Introducing EarthAI Notebook

A New Environment for Geospatial Analytics

Astraea Earth AI
Dec 23, 2019 · 5 min read

Geospatial intelligence is evolving at a new pace. As machine learning has advanced to the point where insights can be reliably derived from raster data, the limits imposed by human-driven, single-file-at-a-time workflows are being blown away by new methods of extracting insight at an unprecedented scale. New platforms are emerging as the legacy paradigm of desktop-centric Geographic Information Systems (GIS) confronts the new paradigm of cloud-native machine learning. In this post, we will explore the history of analyzing Earth-observing raster data and present our newest contribution to the geospatial community.

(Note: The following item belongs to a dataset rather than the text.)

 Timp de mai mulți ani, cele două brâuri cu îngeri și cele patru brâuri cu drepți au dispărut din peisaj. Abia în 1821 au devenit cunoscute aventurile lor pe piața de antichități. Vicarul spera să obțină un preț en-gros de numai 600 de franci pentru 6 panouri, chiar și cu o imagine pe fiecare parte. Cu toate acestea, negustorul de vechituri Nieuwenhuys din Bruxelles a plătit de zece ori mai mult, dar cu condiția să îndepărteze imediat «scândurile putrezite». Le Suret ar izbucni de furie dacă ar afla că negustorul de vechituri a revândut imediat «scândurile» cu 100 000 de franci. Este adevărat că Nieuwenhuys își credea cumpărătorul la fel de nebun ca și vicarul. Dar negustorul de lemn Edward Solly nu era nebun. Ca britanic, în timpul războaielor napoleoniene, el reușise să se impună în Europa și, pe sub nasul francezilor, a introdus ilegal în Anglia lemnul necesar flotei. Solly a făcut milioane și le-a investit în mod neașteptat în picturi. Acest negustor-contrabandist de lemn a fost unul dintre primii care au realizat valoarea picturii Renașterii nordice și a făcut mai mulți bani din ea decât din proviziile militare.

The Legacy Paradigm of Geospatial Analytics

Enter Machine Learning.

What once required a great deal of analyst time and resources can now be accomplished quickly and cost-efficiently by machines in the cloud. This is not to say that it is easy — merely possible.

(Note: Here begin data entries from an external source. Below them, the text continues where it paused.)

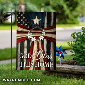 US flag, Flower crown, God bless this home - Jesus Flag
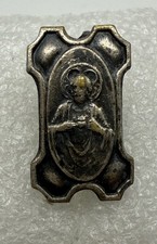 Vintage / Antique Religious Pin Brooch Metal Silver Tone Sacred Heart Jesus
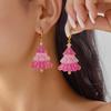 Design Sense Rosa Weihnachtsbaum Hängeohrringe für Damen Niedliche Hohl-Schneemann-Ohrringe Halskette Weihnachten Neujahr Party Geschenke

The New Geospatial Paradigm

Largely, these use cases have come from industries that could afford to invest significantly for the chance of gaining this edge over the competition. Asset management and agriculture, industries where a small informational advantage on the price of a stock or the yield of a farm make a large bottom-line impact, have been early adopters of new geospatial technology.

While these early use cases have proven that Earth-observation imagery can provide a valuable source of information for decisionmakers, they have not yet solved the challenges presented by the legacy paradigm. In fact, they have introduced others.

Computer vision algorithms are greedy. Requiring hundreds to thousands of examples to train object detection algorithms, imagery analysis can quickly overwhelm an individual computer or server.

Furthermore, training neural network models takes a tremendous amount of computational resources before they are sufficiently accurate. Because raster data are intrinsically large and computer vision algorithms require so much computational power to train, the only practical way to address these challenges is through cloud computing and Graphics Processing Unit (GPU) technologies.

While widely available from numerous companies, cloud computing remains very complex. Savvy engineers spend countless hours configuring and managing computational clouds to achieve the performance required to manage and process imagery data. This specific challenge is likely the most significant barrier to leveraging computer vision. While data scientists seeking to apply machine learning algorithms to traditional tabular data can quickly and easily scale their analytics, the tools required to process imagery at scale have matured far more slowly.

EarthAI Notebook

With that goal in mind, we set out to develop EarthAI: a fully integrated, cloud-native platform to enable experts and non-experts alike to leverage the full power of Earth-observing data. Our platform provides a suite of products focused on removing the complexities of discovering, processing, and analyzing Earth-observation data at scale. In July 2019, we released Earth OnDemand, which enables users to access and explore over 8PB of free public satellite imagery in an intuitive interface.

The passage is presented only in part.